Open a terminal, load a sentence transformer, and embed the word “dog.” What returns is a vector — say, 4,096 floating-point numbers arrayed along axes no human named. Nearby cluster bark, retriever, loyalty, mammal, each pulled close by billions of training examples. Cosine similarity between “dog” and “wolf” exceeds that between “dog” and “carburetor” by a wide margin, and multimodal models now bind image patches, audio waveforms, and text tokens into a shared latent space so that a photograph of a golden retriever and the English word “dog” land near the same coordinates. Real geometry, this — not metaphor, not loose analogy, but measurable structure in high-dimensional space.

Engineers call it representation learning. The model has learned something about dogs. But what, exactly?

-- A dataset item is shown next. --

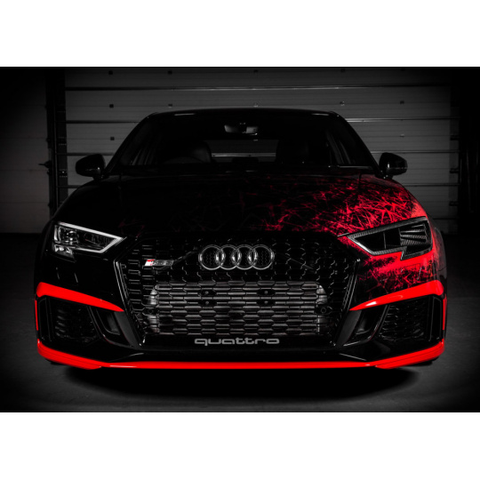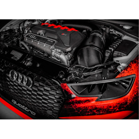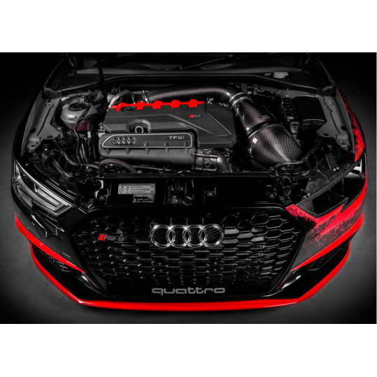 S tím, jak si Audi RS3 získává stále silnější pozici mezi vozy soutěžícími na okruhu nebo sprintovacích drahách, rozhodli jsme se posunout možnosti tohoto vozu ještě dále. Eventuri náhrada světlometu plně nahrazuje originální díl a přímo navazuje na airbox sání Eventuri. Zároveň obsahuje dvojité žebrování, které směruje nasávaný vzduchu přímo do sání. Instalací nasávání skrz náhradu světlometu je také odstraněn originální nasávač za maskou chladiče. Tento prostor je tak nyní zcela využíván pro přímé chlazení motoru.

That question requires saying something precise about what it means to know a concrete, unified reality — a thing — rather than a heap of correlated features. Try to say something precise, and you discover that the Western philosophical tradition offers a richer account of the act of understanding than most AI research has bothered to consult. The account I find most penetrating belongs to Bernard Lonergan, a twentieth-century philosopher whose masterwork Insight has been gathering dust in exactly the departments that could use it most.1 Exegesis, though, is not the goal. The goal is to think carefully — with Lonergan’s help, and then past him — about what embedding spaces achieve and where they stop.

What Makes a Thing a Thing

Start with the dog. Not the vector. The animal.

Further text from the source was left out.